In contrast, the state’s school quality designations actually target underperforming and lowest-performing schools with additional federal funding and support with the goal of improving student outcomes. Matthews said schools will work with “school support managers” from the state to do a self-inquiry and identify areas for improvement. She described Chicago’s school quality rating system as “a local dashboard that they have developed to communicate with their communities.”

Staff from the Illinois State Board of Education will be traveling around the state next week to meet with district leaders and principals to discuss the new accountability system, including the ratings. They’ll be in Bloomington, Marion, O’Fallon, Chicago, and Melrose Park. The Chicago meeting is Wednesday, Oct. 24, at 5 p.m. at Chicago Public Schools headquarters.

Rae Clementz, director of assessment and accountability at the state board said that a second set of ratings reveals “that there are multiple valid ways to look at school quality and success; it’s a richer picture.”

Under auspices of the Every Student Succeeds Act, the state school report cards released at the end of the month for elementary schools are 75 percent based on academics, including English language arts and math test scores, English learner progress as measured by the ACCESS test, and academic growth. The other 25 percent reflects the school climate and success, such as attendance and chronic absenteeism.

Other measures are slated to be phased in over the next several years, including academic indicators like science proficiency and school quality indicators, such as school climate surveys of staff, students and parents

High school designations take a similar approach with English and math test scores but will take into account graduation rates, instead of academic growth, and also includes the percentage of  9th graders on track to graduate — that is freshmen who earn 10 semester credits, and no more than one semester F in a core course.

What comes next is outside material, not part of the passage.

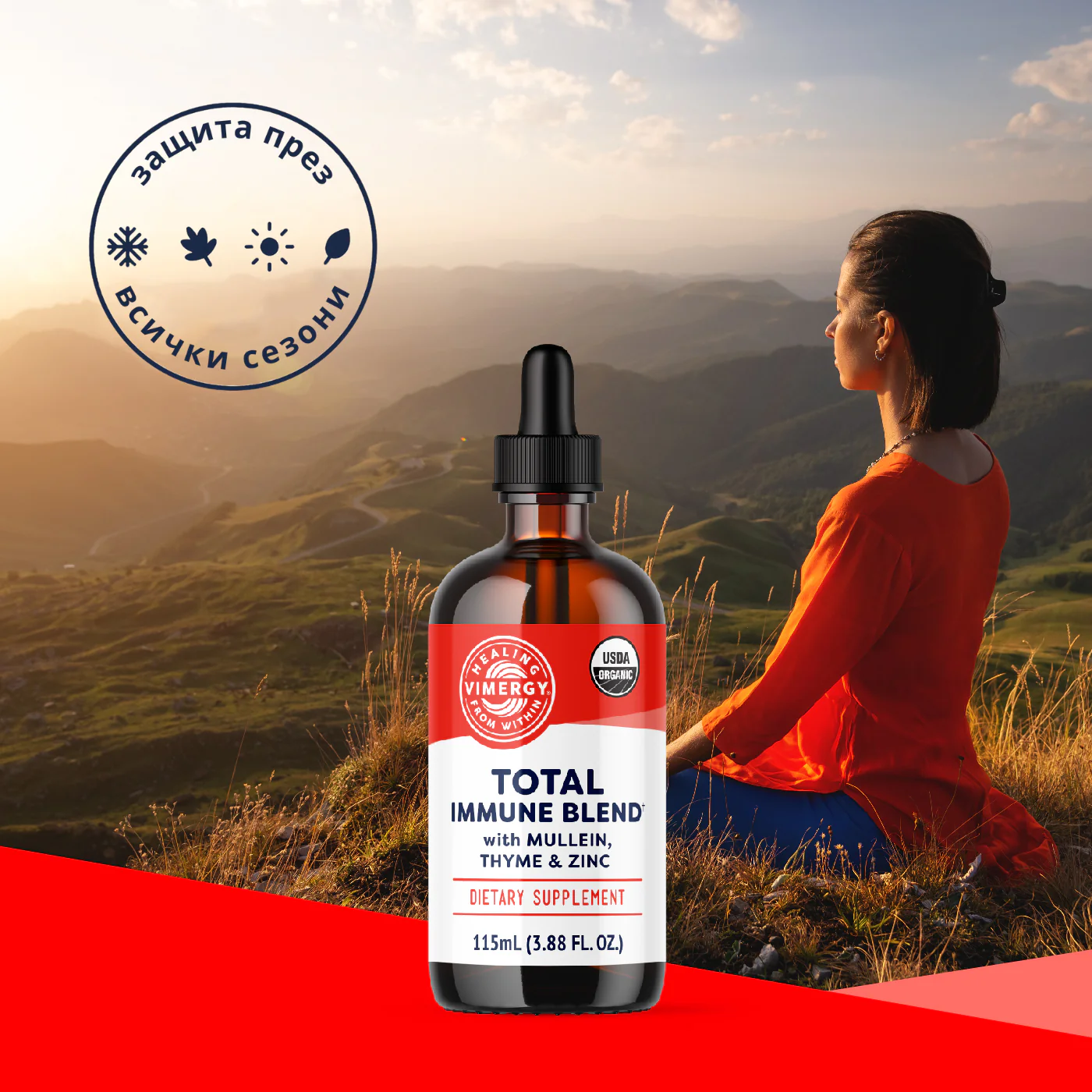 Имунитета е важен през всички сезони. Total Immune Blend™ на Vimergy® осигурява динамична имунна защита през цялата година, а не само през зимните месеци! Съдържа течен цинков сулфат – форма, за която клиничните изследвания са доказали, че е 2 пъти по-биоусвоима в сравнение със стандартните таблетки цинков сулфат.

Critics of Chicago’s school rating system argue that the ratings correlate more with socioeconomic status and race than they do school quality, and say little about what’s happening in classrooms and how kids are learning. Chicago does try to mitigate these issues with a greater emphasis on growth in test scores rather than absolute attainment, school climate surveys, and including academic growth by priority groups, like African-American, Latino, ELL, and students in special education.

Cory Koedel, a professor of economics and public policy at the University of Missouri, said that many rating systems basically capture poverty status with a focus on how high or low students score on tests. Chicago’s approach is fairer than that of many other school systems.

“What I like about this is it does seem to have a high weight on growth and lower weight on attainment levels,” he said.

Morgan Polikoff, a professor at University of Southern California’s school of education, said that Chicago’s emphasis on student growth is a good thing “if the purpose of the system is to identify schools doing a good job educating kids.”

Chicago weights 50 percent of the rating on growth, but he’s seen 35 to as low as 15 percent at other districts. But he said the school district’s reliance on the NWEA test rather than the PARCC test used in the state school ratings was atypical.

“It’s not a state test, and though they say it aligns with standards, I know from talking to educators that a lot of them feel the tests are not well aligned with what they are supposed to be teaching,” he said. “It’s just a little odd to me they would have state assessment data, which is what they are held accountable for with the state, but use the other data.”

He’s skeptical about school systems relying too heavily on standardized test scores, whether the SAT, PARCC or NWEA, because “You worry that now you’re just turning the curriculum to test prep, and that’s an incentive you don’t want to create for educators.”

He said the high school measures in particular include a wide array of measures, including measures that follow students into college, “so I love that.”

“I really like the idea of broadening the set of indicators on which we evaluate schools and encouraging schools to really pay attention to how well they prepare students for what comes next,” he said.